▶ DATA SECTION
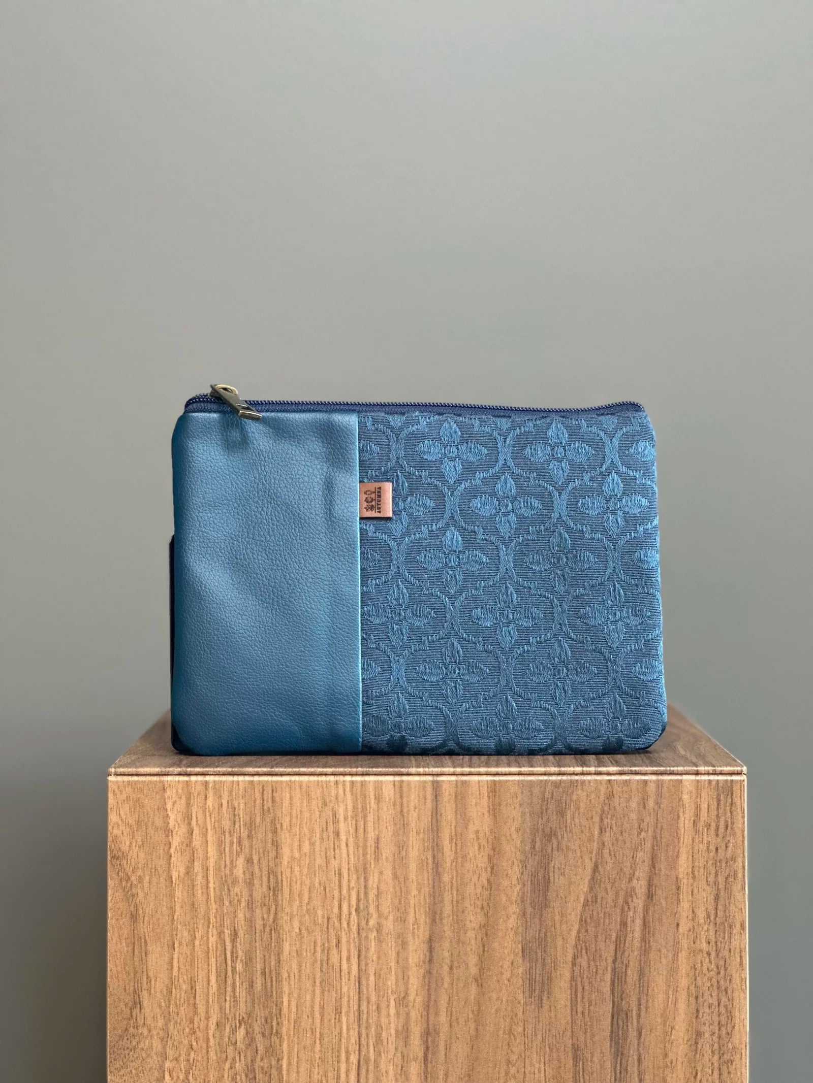 Realizzata a mano in similpelle e tessuto d'arredo.
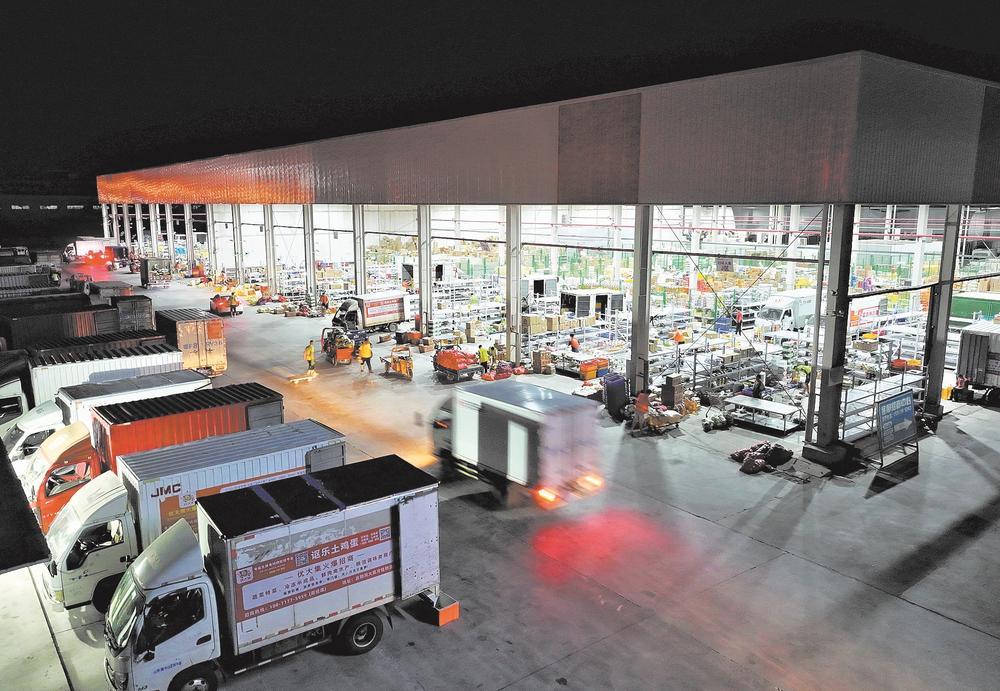 9月6日凌晨,位于樊城的优大集襄阳农产品电商物流园,工作人员正在分拣订单农产品。 全媒体记者 谢勇 通讯员 张沛 摄
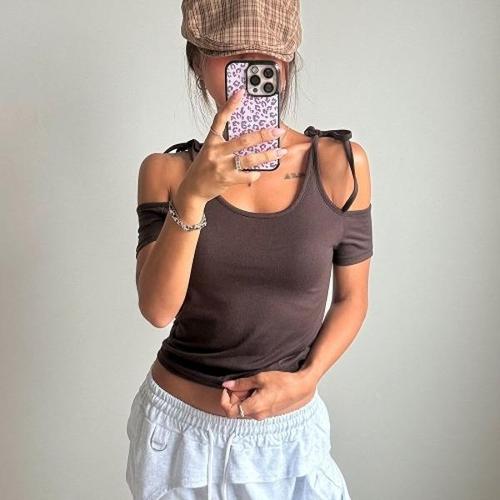 [1+1] [옷자락] 여자 워터밤 파랑색티 리본 어깨트임 슬림 크롭 나시

▶ WHAT YOU WILL DO
All the material above must be copied exactly, and no picture belongs in the copy.

▶ TASK OUTPUT
 Realizzata a mano in similpelle e tessuto d'arredo.
 9月6日凌晨,位于樊城的优大集襄阳农产品电商物流园,工作人员正在分拣订单农产品。 全媒体记者 谢勇 通讯员 张沛 摄
 [1+1] [옷자락] 여자 워터밤 파랑색티 리본 어깨트임 슬림 크롭 나시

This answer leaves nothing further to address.